In the listing that follows, find the line with "DOUBLE CHOCOLATE Available", then copy exactly from it through the line with "Carte de siège", leaving out every picture.
DATA RECORDS Block Start
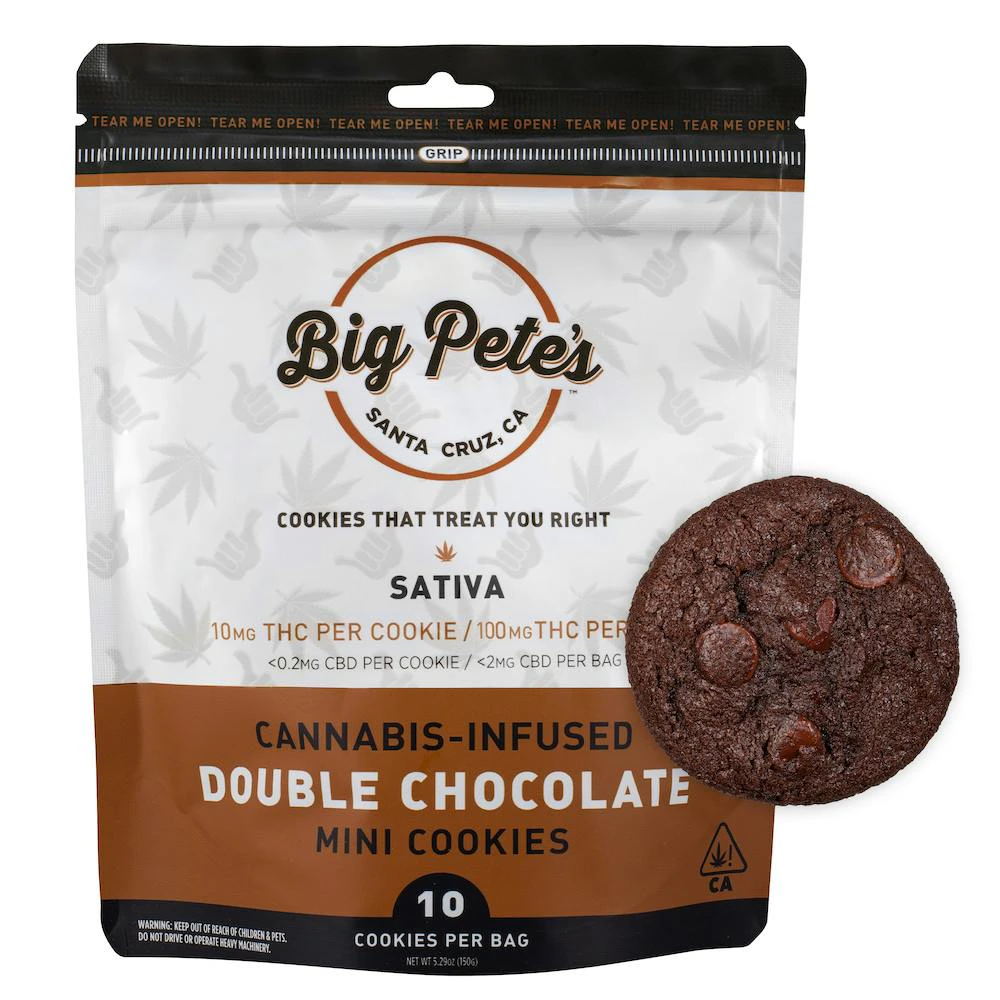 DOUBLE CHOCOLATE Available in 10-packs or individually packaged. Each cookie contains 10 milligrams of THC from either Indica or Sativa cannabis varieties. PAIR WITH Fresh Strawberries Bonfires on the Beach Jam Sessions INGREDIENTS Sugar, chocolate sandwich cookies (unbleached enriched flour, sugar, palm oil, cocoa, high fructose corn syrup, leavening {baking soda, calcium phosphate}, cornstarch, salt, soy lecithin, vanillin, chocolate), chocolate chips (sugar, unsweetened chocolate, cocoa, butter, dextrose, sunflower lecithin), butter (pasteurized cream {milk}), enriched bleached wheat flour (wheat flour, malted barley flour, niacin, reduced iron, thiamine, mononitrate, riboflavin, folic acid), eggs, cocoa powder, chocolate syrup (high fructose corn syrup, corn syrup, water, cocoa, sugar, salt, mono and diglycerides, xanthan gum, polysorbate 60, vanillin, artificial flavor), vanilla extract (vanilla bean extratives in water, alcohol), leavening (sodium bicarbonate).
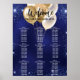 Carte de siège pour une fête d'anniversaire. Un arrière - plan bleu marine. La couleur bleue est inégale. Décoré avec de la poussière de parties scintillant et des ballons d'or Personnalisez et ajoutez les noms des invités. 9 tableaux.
DATA RECORDS Block End
DATA RECORDS Block Start
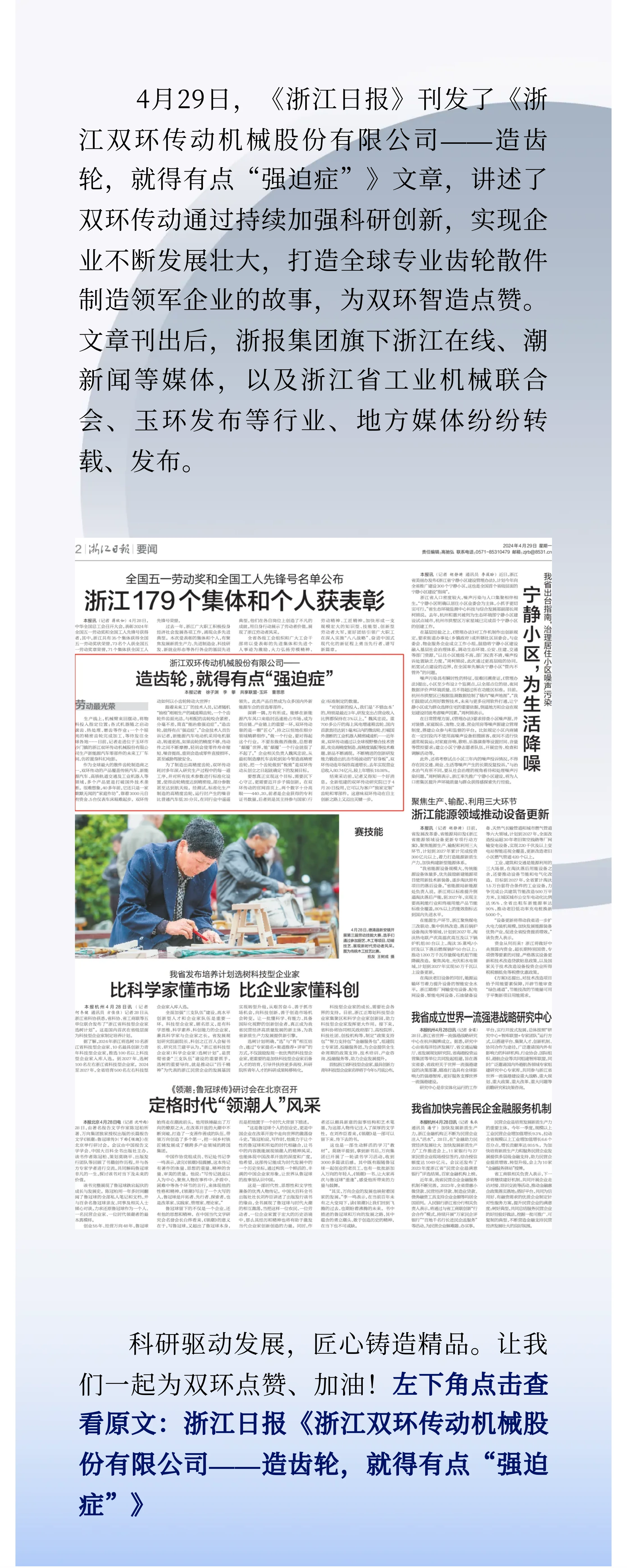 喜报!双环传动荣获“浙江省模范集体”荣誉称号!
DATA RECORDS Block End
DATA RECORDS Block Start
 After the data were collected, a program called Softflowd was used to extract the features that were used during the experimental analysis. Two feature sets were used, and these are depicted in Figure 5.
DATA RECORDS Block End
RESULT OF THE EXERCISE —
 DOUBLE CHOCOLATE Available in 10-packs or individually packaged. Each cookie contains 10 milligrams of THC from either Indica or Sativa cannabis varieties. PAIR WITH Fresh Strawberries Bonfires on the Beach Jam Sessions INGREDIENTS Sugar, chocolate sandwich cookies (unbleached enriched flour, sugar, palm oil, cocoa, high fructose corn syrup, leavening {baking soda, calcium phosphate}, cornstarch, salt, soy lecithin, vanillin, chocolate), chocolate chips (sugar, unsweetened chocolate, cocoa, butter, dextrose, sunflower lecithin), butter (pasteurized cream {milk}), enriched bleached wheat flour (wheat flour, malted barley flour, niacin, reduced iron, thiamine, mononitrate, riboflavin, folic acid), eggs, cocoa powder, chocolate syrup (high fructose corn syrup, corn syrup, water, cocoa, sugar, salt, mono and diglycerides, xanthan gum, polysorbate 60, vanillin, artificial flavor), vanilla extract (vanilla bean extratives in water, alcohol), leavening (sodium bicarbonate).
 Carte de siège pour une fête d'anniversaire. Un arrière - plan bleu marine. La couleur bleue est inégale. Décoré avec de la poussière de parties scintillant et des ballons d'or Personnalisez et ajoutez les noms des invités. 9 tableaux.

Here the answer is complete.